Logo abaixo, uma lista com treze itens anunciava o Natal mais abastado de nossas vidas. Só de entradas foram sete, isso sem contar o que beliscamos antes de chegar à távola principal.

Frutas com presunto cru deram a largada. Maionese de batatas e atum veio em seguida. Quando os pratos estavam limpos, serviram-nos salada feita de grãos. Naquele momento, achei conveniente avisar a anfitriã que poderia servir o salpicão que nós tínhamos levado como uma pequena amostra da culinária do Brasil. Seguimos com carne crua; queijo fresco com nozes e mel; pimentão assado ao molho de alho e aliche. Vencemos a primeira etapa do almoço por volta da três da tarde com uma massa folhada, recheada de repolho e linguiça. Isso mesmo, colocamos um pézinho na Alemanha no final do primeiro tempo, mas logo voltamos pra Itália depois do intervalo.

Meia hora depois, os que haviam se levantado no intuito de ajudar a gravidade agir no sistema digestivo, foram convocados a se sentar novamente. Era hora de degustarmos o primeiro prato principal. Mariela preparou orecchiette, uma massa curta típica da Puglia, em duas versões. A primeira com um saboroso molho al ragù; a segunda com aliche e um vegetal originário do sul da Itália, conhecido como cime di rappa. Foi a primeira vez que provamos essa espécie de brócolis com grandes ramas e um sabor um pouco amargo que combinou perfeitamente com o peixe salgado.

A essa altura do almoço eu já estava empanzinada até a última célula da minha composição enquanto Vinicius seguia firme e forte no ritmo dos Italianos.

Fizemos mais uma breve pausa para os preparos finais dos pratos que compunham a terceira e última rodada de comida. O cabrito e o coelho estavam no forno. A alcachofra recheada  previamente pronta estava sendo aquecida.

Enquanto isso, aportaram à mesa lichias, tangerinas, amendoins, avelãs e amêndoas, alguns tira-gostos pra não perdermos o embalo.

Natal na Itália
Detalhes da mesa de Natal
Natal na Itália
Caldo de Cappelletti
Natal na Itália
Orechiette ao Ragù | Garrafa de 3 litros de espumante | Cartela de Bingo azarada

Nessa hora eu já havia decretado estado de coma alimentar. Nem água passava mais pela minha garganta. No terceiro tempo eu fiquei apenas de espectadora, fascinada com a facilidade que os italianos tinham de ingerir comida atrás de comida – e também vinho, é claro – sem aparentar qualquer desconforto.
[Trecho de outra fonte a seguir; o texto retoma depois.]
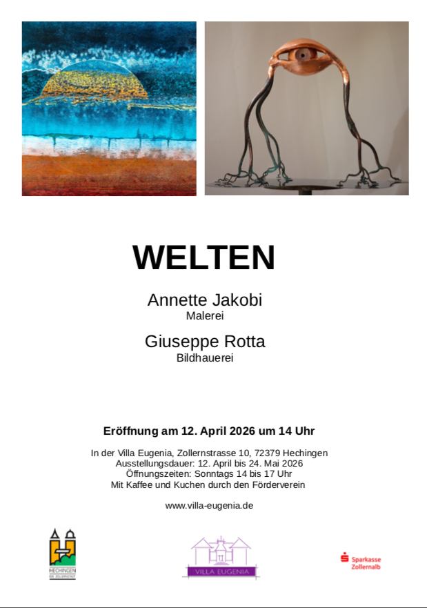 In der Villa Eugenia, Zollernstrasse 10, 72379 Hechingen Ausstellungsdauer: 12. April bis 24. Mai 2026 Öffnungszeiten: Sonntags 14 bis 17 Uhr

O que teria acontecido com a minha carga genética? Afinal, como bisnetas de italianos eu tinha o dever de honrar as tradições dos meus ascendentes! Infelizmente não logrei o meu intento, não consegui provar de tudo um pouco.
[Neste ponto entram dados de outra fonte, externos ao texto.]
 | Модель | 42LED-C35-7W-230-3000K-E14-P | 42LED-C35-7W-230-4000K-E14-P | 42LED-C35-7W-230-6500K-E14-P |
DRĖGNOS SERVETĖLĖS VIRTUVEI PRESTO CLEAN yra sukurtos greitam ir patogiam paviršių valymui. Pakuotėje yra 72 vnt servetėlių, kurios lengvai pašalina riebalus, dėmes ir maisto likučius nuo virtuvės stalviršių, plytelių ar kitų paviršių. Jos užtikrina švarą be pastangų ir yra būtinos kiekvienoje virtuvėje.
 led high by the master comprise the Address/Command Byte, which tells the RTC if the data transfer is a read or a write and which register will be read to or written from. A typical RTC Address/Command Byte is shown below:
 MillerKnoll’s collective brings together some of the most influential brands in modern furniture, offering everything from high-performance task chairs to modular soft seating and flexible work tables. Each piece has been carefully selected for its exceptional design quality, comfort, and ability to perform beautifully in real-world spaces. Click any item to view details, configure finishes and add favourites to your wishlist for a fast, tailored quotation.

Ao menos o Vi manteve o nome da família e me representou muito bem quando chegou o prato feito com alcachofras que eu tanto gosto e que pela primeira vez na vida recusei, não sem me lamentar.

Mas nem tudo estava perdido. Consegui me recompor a tempo para provar os doces. Já passava das cinco quando abriram uma nova garrafa de champagne e cortaram um bolo de massa branca com muita nata e uma torta de avelãs e chocolate.
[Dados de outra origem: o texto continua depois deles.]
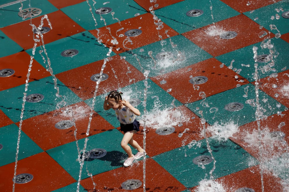 在中國北京,一名小女孩在綜合購物中心的戲水區玩水。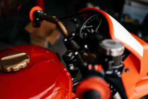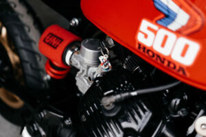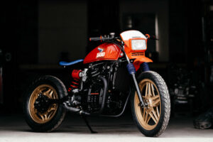 Com a traseira cortada a construção desta autêntica obra de arte com a montagem de um novo assento bem como do depósito de combustível e um novo design do farol dianteiro, que foi retirado de uma dirtbike da Honda. Os detalhes finais incluem um conjunto de pormenores gráficos que salientam o nome Honda e tornam ainda mais especial esta moto.

Mencionei a travessa com folhas verdes? E a de castanhas portuguesas assadas? Sim, elas também deram o ar da graça em algum momento desse almoço que eu não sei precisar.  

Três horas mais tarde, depois de algumas partidas de bingo em que eu fiquei no vermelho e Vinicius ganhou dois euros, foi anunciado o jantar. Naquela altura, eu já sabia que eles não estavam brincando e que mesmo tendo beliscado tangerinas, lichias e avelãs durante todo o jogo, os italianos iam sentar-se novamente em volta da mesa para comer, mais uma vez.

Antes que a gente seja julgado como folgados, é preciso dizer que o jantar estava incluso no convite que nos foi feito, assim como no cardápio que permanecia na mesa. “Para o jantar, serviremos o tradicional caldo de cappelletti e cotechino com purê”, dizia a frase logo abaixo do desenho do papai noel.

Depois de traçar os pratos anunciados, teve gente que ainda pediu repeteco do que havia sobrado do almoço. Nosso salpicão agradou a italianada e voltou a circular na mesa.

Era 23 horas quando a festa terminou e voltamos para casa.

Em resumo, foram dez horas comendo, conversando e celebrando a vida em volta de uma mesa.

Depois disso, com conhecimento de causa eu digo aos que querem manter a reputação de bom anfitrião: na presença de um italiano, não esqueça de dobrar o cardápio.